When they first clothed me,

somewhere in the midst of me,

a twig snapped.

And it radiated outward

like a bomb.

 

Zeke Shomler

Zeke Shomler is currently pursuing a combined MA/MFA at the University of Alaska Fairbanks. His work has appeared in Cordite, Stone Poetry Quarterly, After Happy Hour Review, and elsewhere online.

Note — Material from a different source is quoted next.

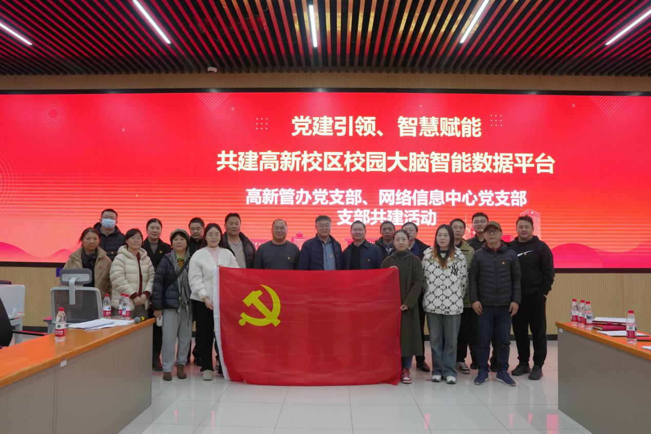 为深化党建引领,推动党建与业务工作深度融合,以智慧化建设赋能高新校区高质量发展,12月30日下午,高新园区建设与管理委员会办公室党支部与网络信息中心党支部在高新校区一号学科楼联创中心,联合开展了以“党建引领,智慧赋能——共建高新校区‘校园大脑’智能数据平台”为主题的党日活动。活动由高新园区建设与管理委员会办公室党支部书记朱洪超主持,两共建单位支部的全体党员参加。

The Albatross of Liquid Despair

hovers over your coiffed head, cawing in protest at the abominable stench rising, tears in its eyes, close to regurgitating its hard-sought lunch. Coleridge. Coleridge. Coleridge, you dotard. Have you no pity? No mercy? Must you pollute the earth’s air with poetry, chasing me as I flee your icy bewilderment? Must you call after me, your hideous voice echoing against the bruised clouds? Why should I not kill you for such elemental transgressions, silent seas be damned; your shrieks mutes the thunder, your delirium churns the slimy sea, my home, turning it against me and my kind. Rotting darkened sea, my frosted ass. Spare me your off-rhymes, the failed slants, the tortured rhythms. They fall from my ears no easier than my carcass was dropped from your neck. Father. Feather. Further. Forfend. Yet you claim a tale to share, a future to save. A weaver of lies like you need only make boast to be believed. Dead, yet I am able to nest in your grey beard, to ponder mortalities whilst you blamed me as if I was the cross Jesus bore. What calumny. What hubris. What a drug-induced delirium. I was never your interlocutor. The magnet that drew your warped dreams outward. Your ship sails without me, my stilled wings offer no forward aid. Yet your heart drums another beat, a stilled sorrow, something that blackens the stars and cauterizes cataracts and keeps the soul anchored to watery earth. You see the prayerless dead. The moon that abandons those who look to the sky. Stars that failed and fell far away from those who needed their comforting light. Sleepless, you laid this burden around my withered neck, seeking to save your miserable own. Not enough that I was dead, you laid heavier burdens upon my wizened neck, and sought freedom from a past that held you tight, kept your lungs from filling, and drew its life as yours. Already dead, you lingered in a denatured bliss, a world without, a sphere unbound, lacking angels and song, and any answer to a prayer unasked. Your ship sailed without you, and will dock without snow or mist. No waves will follow your path. No wind will calm or breathe to ensure your warped heaven. No blind sailors will raise sails or secure a rudder for your voyage. Nothing can rise from this sorrowed moon’s passage.

Richard Weaver

Post-Covid, the author has returned as writer-in-residence at the James Joyce Pub in Baltimore. Among his other pubs: conjunctions, Vanderbilt Review, Southern Quarterly, Free State Review, Hollins Critic, Misfit Magazine, Loch Raven Review, The Avenue, New Orleans Review, & Burningword. He’s the author of The Stars Undone (Duende Press, 1992), and wrote the libretto for the symphony, Of Sea and Stars (2005). He was a finalist in the 2019 Dogwood Literary Prize in Poetry. His 200th Prose poem was recently published.